Task to carry out
Return only the lines of the listing below that run from the line with "Denizlerde 15 Nisan'da" through the line with "他以和中國疫苗監管體系相仿的", both ends included, exactly as written.

──────── Data for this task

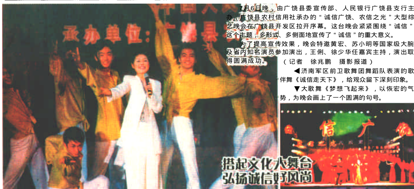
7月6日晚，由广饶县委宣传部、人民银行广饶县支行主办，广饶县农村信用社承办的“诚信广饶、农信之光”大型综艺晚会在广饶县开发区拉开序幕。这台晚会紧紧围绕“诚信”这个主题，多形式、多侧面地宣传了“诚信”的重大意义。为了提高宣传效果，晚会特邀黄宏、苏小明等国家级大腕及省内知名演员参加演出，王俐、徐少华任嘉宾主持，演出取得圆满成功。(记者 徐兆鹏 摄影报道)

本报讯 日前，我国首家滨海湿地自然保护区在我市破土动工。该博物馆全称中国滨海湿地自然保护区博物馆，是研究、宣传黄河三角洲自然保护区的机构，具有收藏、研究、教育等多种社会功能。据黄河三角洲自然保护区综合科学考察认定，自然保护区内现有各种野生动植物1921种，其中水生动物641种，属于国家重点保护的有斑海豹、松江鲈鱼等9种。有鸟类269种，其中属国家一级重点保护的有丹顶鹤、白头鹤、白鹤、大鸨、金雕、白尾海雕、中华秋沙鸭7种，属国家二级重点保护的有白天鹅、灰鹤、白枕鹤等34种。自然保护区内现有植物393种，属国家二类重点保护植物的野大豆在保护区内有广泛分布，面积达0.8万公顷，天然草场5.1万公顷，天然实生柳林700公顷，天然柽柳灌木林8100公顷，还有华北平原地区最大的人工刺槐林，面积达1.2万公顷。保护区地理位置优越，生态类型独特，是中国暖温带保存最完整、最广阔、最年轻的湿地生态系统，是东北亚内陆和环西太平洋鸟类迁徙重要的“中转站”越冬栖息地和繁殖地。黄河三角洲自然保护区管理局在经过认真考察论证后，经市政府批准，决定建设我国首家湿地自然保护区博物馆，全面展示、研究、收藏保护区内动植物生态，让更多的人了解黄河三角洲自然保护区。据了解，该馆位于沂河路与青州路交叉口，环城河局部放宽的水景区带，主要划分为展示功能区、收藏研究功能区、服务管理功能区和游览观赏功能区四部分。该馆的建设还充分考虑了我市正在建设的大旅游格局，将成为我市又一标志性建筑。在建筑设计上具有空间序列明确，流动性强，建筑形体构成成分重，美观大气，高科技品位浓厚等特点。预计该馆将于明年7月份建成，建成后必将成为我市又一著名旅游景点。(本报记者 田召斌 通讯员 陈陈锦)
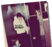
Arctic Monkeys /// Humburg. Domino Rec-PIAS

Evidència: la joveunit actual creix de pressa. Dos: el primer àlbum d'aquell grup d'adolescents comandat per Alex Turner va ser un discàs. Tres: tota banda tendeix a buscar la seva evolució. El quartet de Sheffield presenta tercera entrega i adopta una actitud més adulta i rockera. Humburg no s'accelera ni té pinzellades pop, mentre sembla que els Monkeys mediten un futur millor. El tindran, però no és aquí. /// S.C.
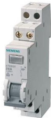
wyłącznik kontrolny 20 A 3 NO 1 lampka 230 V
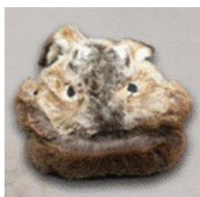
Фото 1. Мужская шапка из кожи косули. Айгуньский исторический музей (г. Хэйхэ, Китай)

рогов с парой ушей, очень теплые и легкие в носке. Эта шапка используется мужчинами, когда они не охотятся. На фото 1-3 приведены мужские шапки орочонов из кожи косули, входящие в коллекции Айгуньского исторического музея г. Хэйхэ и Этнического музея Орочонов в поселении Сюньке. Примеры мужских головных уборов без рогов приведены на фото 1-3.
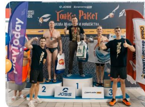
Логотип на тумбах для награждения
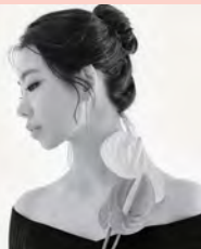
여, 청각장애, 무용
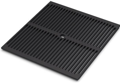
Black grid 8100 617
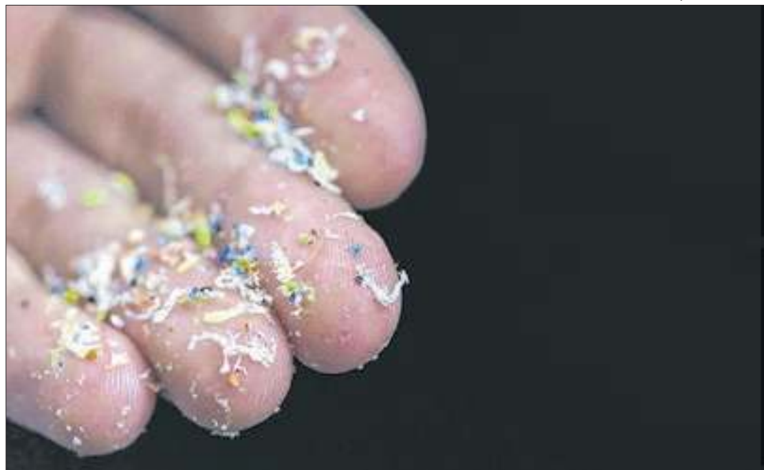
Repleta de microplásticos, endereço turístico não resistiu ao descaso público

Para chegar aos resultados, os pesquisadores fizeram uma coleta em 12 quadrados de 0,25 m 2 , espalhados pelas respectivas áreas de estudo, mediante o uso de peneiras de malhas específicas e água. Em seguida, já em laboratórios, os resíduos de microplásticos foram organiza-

────────────────
──────── Data for this task

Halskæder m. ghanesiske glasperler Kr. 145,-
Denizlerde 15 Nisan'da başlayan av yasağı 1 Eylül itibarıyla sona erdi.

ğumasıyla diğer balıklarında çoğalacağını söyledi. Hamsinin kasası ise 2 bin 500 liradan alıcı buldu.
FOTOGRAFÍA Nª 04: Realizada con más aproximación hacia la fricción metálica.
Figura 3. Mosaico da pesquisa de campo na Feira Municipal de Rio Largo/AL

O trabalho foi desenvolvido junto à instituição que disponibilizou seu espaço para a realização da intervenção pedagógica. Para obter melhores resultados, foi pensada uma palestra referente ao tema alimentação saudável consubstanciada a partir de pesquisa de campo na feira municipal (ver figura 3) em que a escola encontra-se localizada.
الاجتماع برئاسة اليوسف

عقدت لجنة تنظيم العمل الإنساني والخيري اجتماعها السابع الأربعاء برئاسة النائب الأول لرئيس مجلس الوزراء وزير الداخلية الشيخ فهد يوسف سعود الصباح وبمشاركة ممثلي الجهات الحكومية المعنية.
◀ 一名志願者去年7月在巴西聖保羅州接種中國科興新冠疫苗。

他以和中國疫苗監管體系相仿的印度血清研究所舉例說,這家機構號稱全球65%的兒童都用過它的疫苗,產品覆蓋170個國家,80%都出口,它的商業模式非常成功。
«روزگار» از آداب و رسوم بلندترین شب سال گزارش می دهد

────────────────
──────── Data for this task

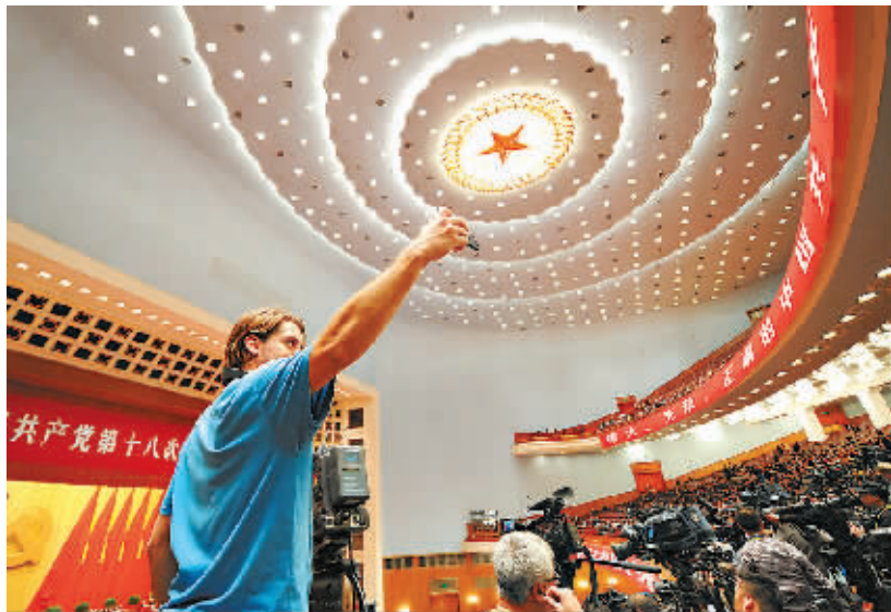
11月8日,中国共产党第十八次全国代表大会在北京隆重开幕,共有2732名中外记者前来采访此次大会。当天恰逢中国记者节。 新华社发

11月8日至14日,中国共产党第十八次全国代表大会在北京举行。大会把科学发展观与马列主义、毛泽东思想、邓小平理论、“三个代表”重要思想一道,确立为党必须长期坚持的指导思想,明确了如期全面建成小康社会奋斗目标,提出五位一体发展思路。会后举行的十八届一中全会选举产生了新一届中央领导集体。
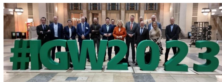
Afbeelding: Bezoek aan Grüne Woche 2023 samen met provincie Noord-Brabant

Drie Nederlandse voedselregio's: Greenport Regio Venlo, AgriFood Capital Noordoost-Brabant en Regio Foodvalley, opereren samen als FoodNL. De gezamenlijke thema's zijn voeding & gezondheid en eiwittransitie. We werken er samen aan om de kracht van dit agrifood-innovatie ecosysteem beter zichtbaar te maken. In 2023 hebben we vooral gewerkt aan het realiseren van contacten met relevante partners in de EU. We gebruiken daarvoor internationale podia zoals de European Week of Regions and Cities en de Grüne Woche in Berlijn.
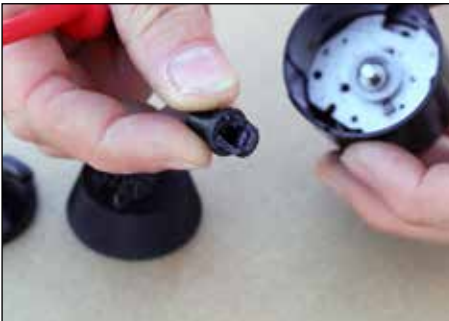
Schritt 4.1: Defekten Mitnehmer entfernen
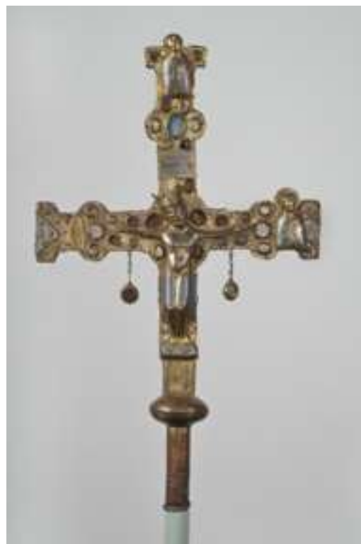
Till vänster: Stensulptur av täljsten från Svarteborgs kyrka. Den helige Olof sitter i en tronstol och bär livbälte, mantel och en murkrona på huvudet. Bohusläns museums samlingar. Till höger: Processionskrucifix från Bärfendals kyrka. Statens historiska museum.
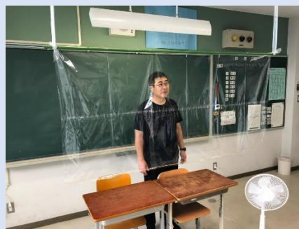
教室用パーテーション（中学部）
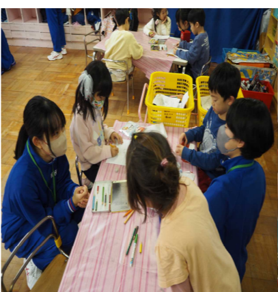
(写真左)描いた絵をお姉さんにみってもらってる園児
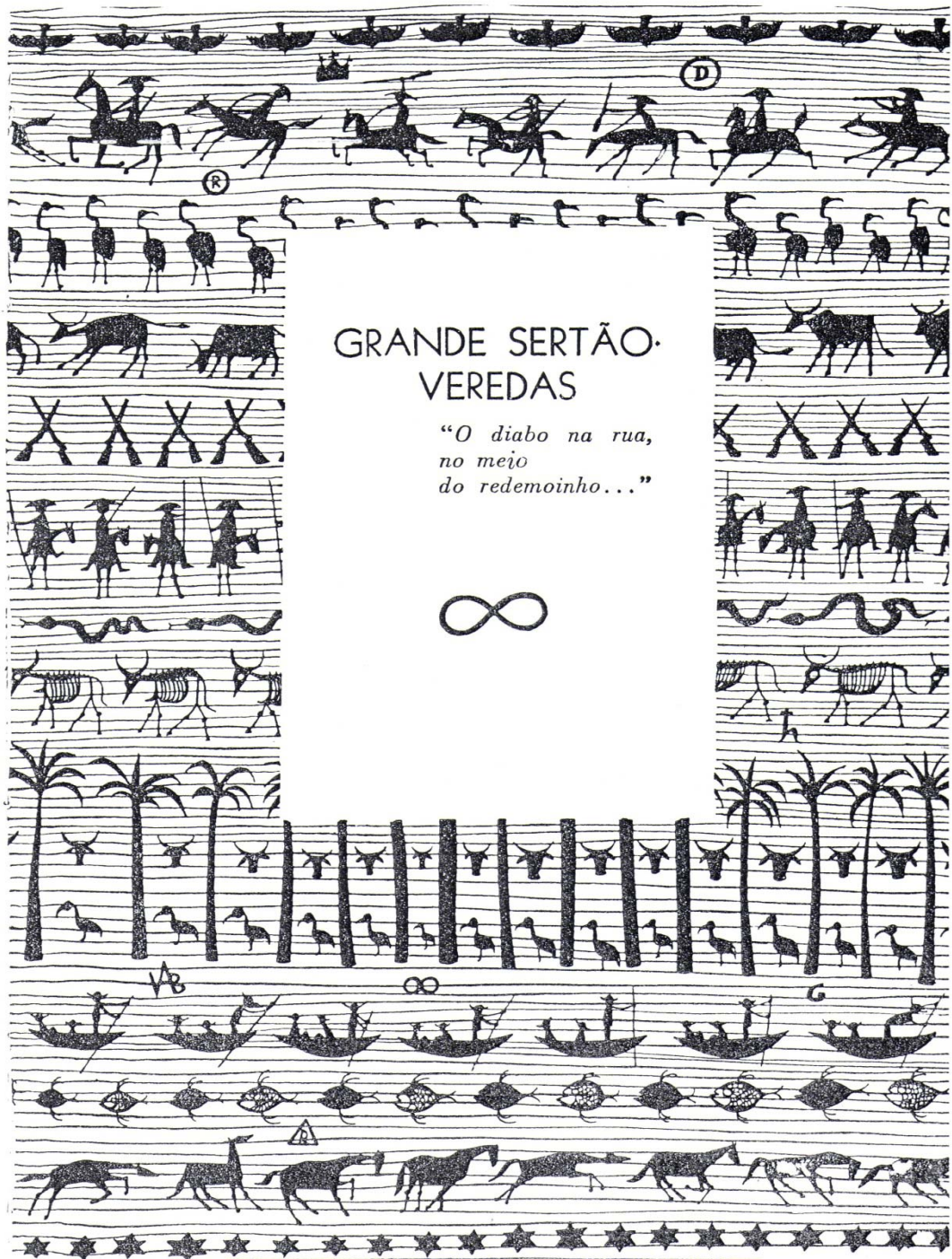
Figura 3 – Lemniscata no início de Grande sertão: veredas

────────────────

Written response
Denizlerde 15 Nisan'da başlayan av yasağı 1 Eylül itibarıyla sona erdi.

ğumasıyla diğer balıklarında çoğalacağını söyledi. Hamsinin kasası ise 2 bin 500 liradan alıcı buldu.
FOTOGRAFÍA Nª 04: Realizada con más aproximación hacia la fricción metálica.
Figura 3. Mosaico da pesquisa de campo na Feira Municipal de Rio Largo/AL

O trabalho foi desenvolvido junto à instituição que disponibilizou seu espaço para a realização da intervenção pedagógica. Para obter melhores resultados, foi pensada uma palestra referente ao tema alimentação saudável consubstanciada a partir de pesquisa de campo na feira municipal (ver figura 3) em que a escola encontra-se localizada.
الاجتماع برئاسة اليوسف

عقدت لجنة تنظيم العمل الإنساني والخيري اجتماعها السابع الأربعاء برئاسة النائب الأول لرئيس مجلس الوزراء وزير الداخلية الشيخ فهد يوسف سعود الصباح وبمشاركة ممثلي الجهات الحكومية المعنية.
◀ 一名志願者去年7月在巴西聖保羅州接種中國科興新冠疫苗。

他以和中國疫苗監管體系相仿的印度血清研究所舉例說,這家機構號稱全球65%的兒童都用過它的疫苗,產品覆蓋170個國家,80%都出口,它的商業模式非常成功。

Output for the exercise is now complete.